WHAT YOU NEED TO DO
Would you copy only the lines below, from the one containing "Lot 110 | LOTTO" through the very last one, leaving the pictures out?

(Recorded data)
+-------+
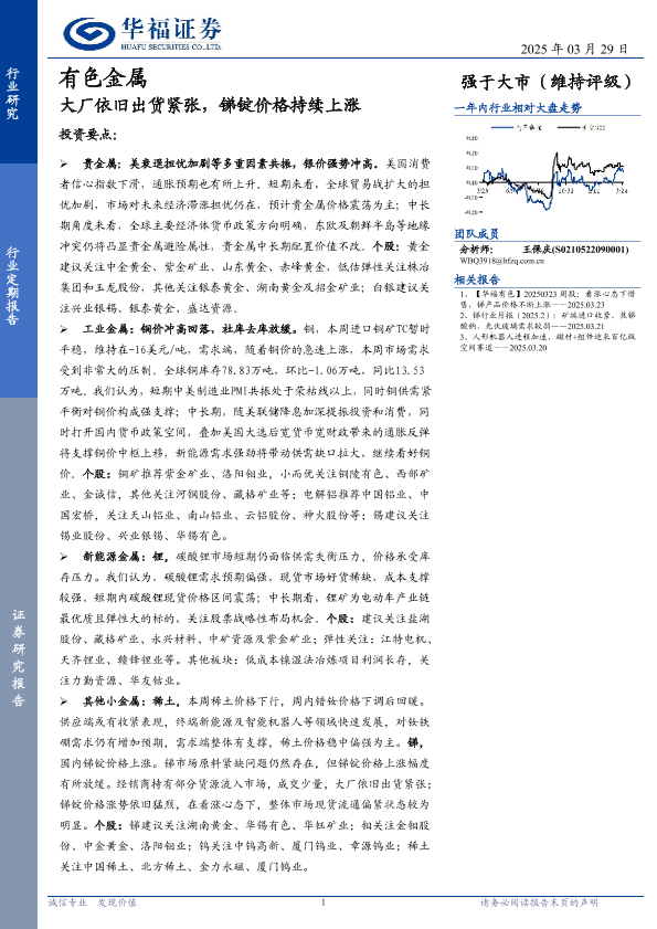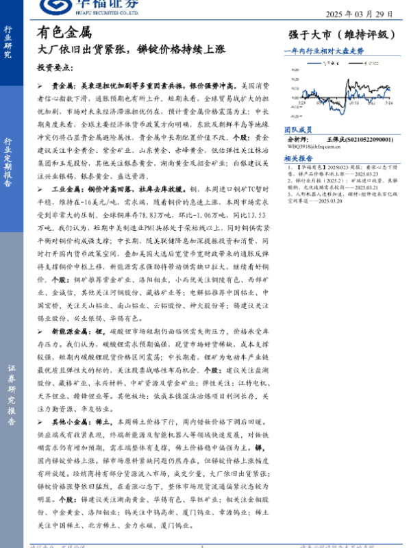 【华福证券】【20250329】有色金属行业定期报告:大厂依旧出货紧张,锑锭价格持续上涨-16页
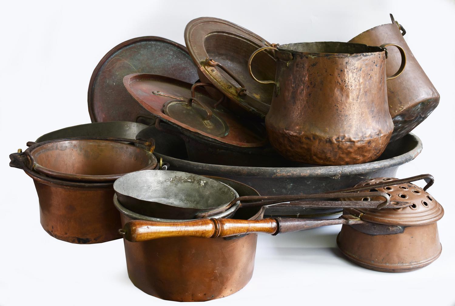 Lot 110 | LOTTO DI SEDICI OGGETTI IN RAME DI VARIA FORMA ED EPOCA Beni presso magazzino...
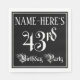 This elegant and luxurious birthday themed paper napkin design features a personalized name and the message “43rd Birthday Party”. The large number “43rd” and the words “Birthday Party” are in elaborate script-style text, and the background is colored black by default (although it can be customized). Opulent, elaborate paper napkins like this might be used at a birthday celebration being held in celebration of somebody’s forty third birthday. [~Z0000563]
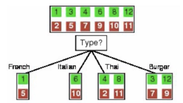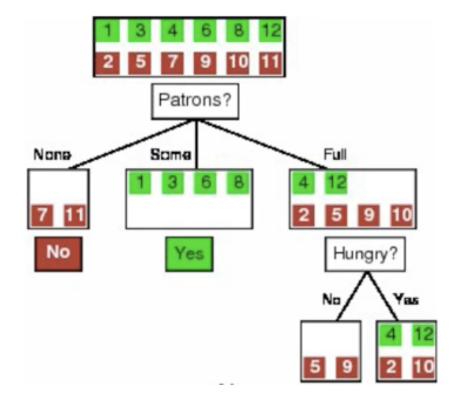 - 첫번째 attribute로 Type을 골랐을때, Patrons을 골랐을때 split되는 결과는 다르다.
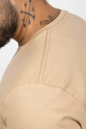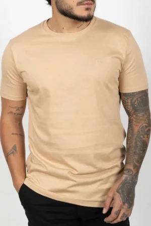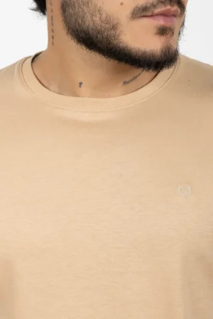 Camiseta Básica de Hombre, Slim Fit Cuello Redondo – 100% Algodón Premium. Caki Claro
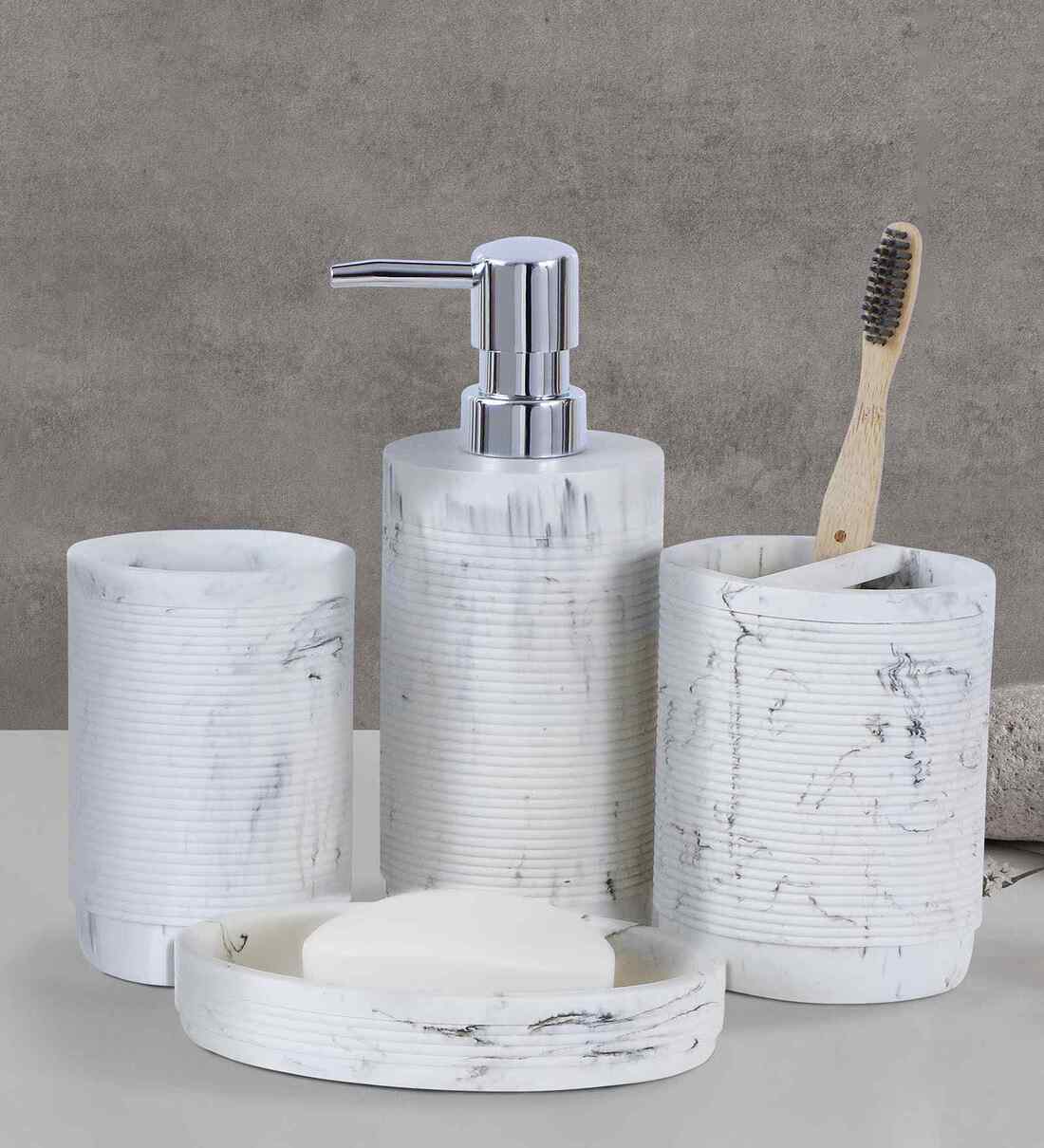 OBSESSIONS presents unique collection of 4 pieces of bathroom sets which is one of the finest quality products and gives your bathroom an attractive look. This would glam up your bathroom space and add new dimension to it. Made from high quality material polyresin, it is durable, sturdy, and great for everyday use.
+-------+
TASK ANSWER
 Lot 110 | LOTTO DI SEDICI OGGETTI IN RAME DI VARIA FORMA ED EPOCA Beni presso magazzino...
 This elegant and luxurious birthday themed paper napkin design features a personalized name and the message “43rd Birthday Party”. The large number “43rd” and the words “Birthday Party” are in elaborate script-style text, and the background is colored black by default (although it can be customized). Opulent, elaborate paper napkins like this might be used at a birthday celebration being held in celebration of somebody’s forty third birthday. [~Z0000563]
 - 첫번째 attribute로 Type을 골랐을때, Patrons을 골랐을때 split되는 결과는 다르다.
 Camiseta Básica de Hombre, Slim Fit Cuello Redondo – 100% Algodón Premium. Caki Claro
 OBSESSIONS presents unique collection of 4 pieces of bathroom sets which is one of the finest quality products and gives your bathroom an attractive look. This would glam up your bathroom space and add new dimension to it. Made from high quality material polyresin, it is durable, sturdy, and great for everyday use.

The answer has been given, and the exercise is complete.